Building YouTube · Lyte Code

Implement the parallel segment-transcode DAG, ABR packaging and manifests, the CDN-served playback path, and async view counting.

Resumable chunked upload

Large videos upload in chunks (resume on failure), straight to the blob store:

def upload_chunk(video_id, index, data, checksum):
    assert sha256(data) == checksum                 # integrity per chunk
    blob_store.put(f"raw/{video_id}/{index}", data)
    progress.mark(video_id, index)
    if progress.complete(video_id):
        transcode_queue.publish({"video_id": video_id})   # kick off processing

The transcode pipeline (parallel DAG)

Split the raw video into segments and transcode them in parallel across a worker fleet — the slow step, made fast by fan-out:

def transcode(video_id):
    raw = assemble(blob_store.list(f"raw/{video_id}"))
    segments = split(raw, seconds=4)                # GOP-aligned segments
    jobs = []
    for seg in segments:
        for rendition in RENDITIONS:                # 144p..4K × {H.264, VP9, AV1}
            jobs.append(("transcode", seg, rendition))
    run_parallel(jobs, fleet=transcode_workers)     # thousands of small jobs
    package_hls_dash(video_id)                       # manifests + segment files
    cdn.distribute(video_id)
    metadata.set_status(video_id, "ready")           # now playable

Each job is small and independent → the fleet processes a long video in the time of its longest segment, not its full length.

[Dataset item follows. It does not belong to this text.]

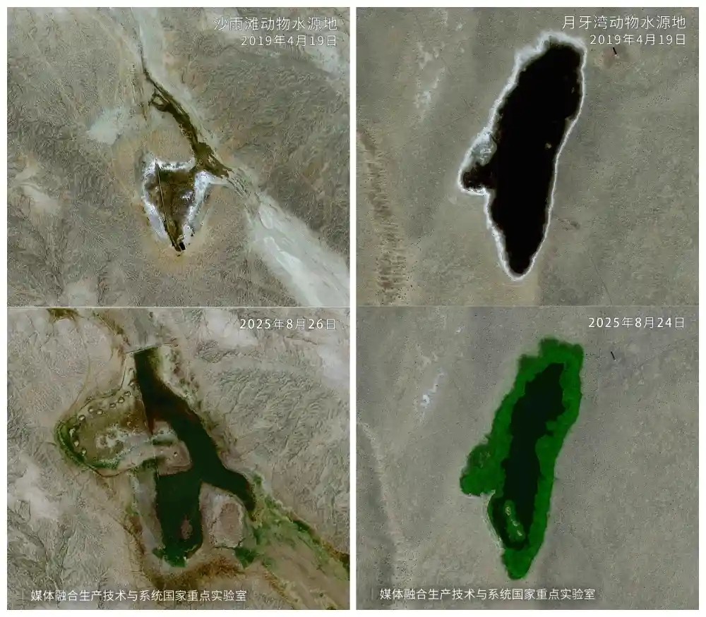 卫星影像记录下新疆卡拉麦里山有蹄类野生动物自然保护区沙雨滩动物水源地、月牙湾动物水源地的“绿色跨越”。新华社发
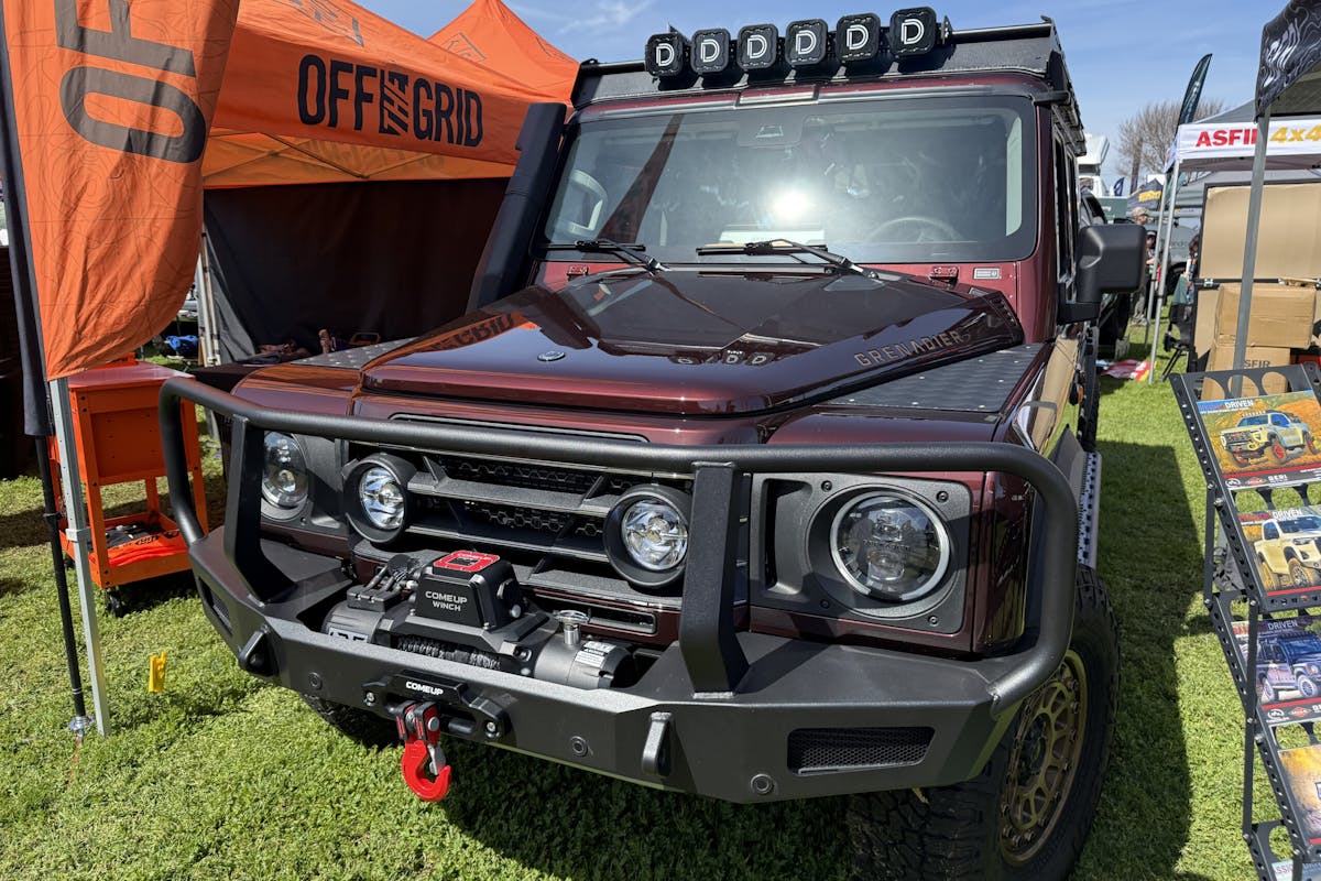 Everything Grenadier and Overland Garage 4×4 brough a trio of the most highly modified Ineos vehicles that we’ve seen yet to the Overland Expo SoCal show. The vehicles, two Grenadier and a Quartermaster, are built in very similar fashion. These builds included high-performance King off-road shocks along with new coil springs and heavy-duty control arms. Brakes are upgraded to six-piston Rotora HD calipers and slotted two-piece calipers. Tires are 35×11.5R17 Nitto Trail Grappler M/T mounted on Black Rhino wheels. All three are fit with a variety of upgraded bumpers, light bars, roof racks, tents, and accessories.

ABR packaging and manifests

Package the renditions into HLS/DASH: a manifest lists each quality’s segment URLs; the player picks segments adaptively:

master.m3u8         # lists variants: 144p,360p,720p,1080p,4K
  720p/index.m3u8   # segment list: seg0.ts, seg1.ts, ...
  1080p/index.m3u8

The playback path (CDN + adaptive bitrate)

def play(video_id):
    meta = metadata.get(video_id)
    if meta.status != "ready": return 425           # still processing
    return {"manifest": cdn_url(f"{video_id}/master.m3u8")}   # player takes over via CDN
# client: fetch manifest → start at a low bitrate (fast start) →
#         measure bandwidth/buffer → step quality up/down per segment

Segments stream from the CDN; the origin store is barely touched. The player’s ABR logic starts low (instant start), climbs to the best sustainable quality, and drops on congestion (no rebuffer).

Async view counting

def on_view(video_id, user, position):
    view_stream.publish({"video": video_id, "ts": now(), "watch_pct": position})
# stream/batch workers → increment counters in a time-series store (approximate)
# a view is counted only after N seconds watched (anti-fraud)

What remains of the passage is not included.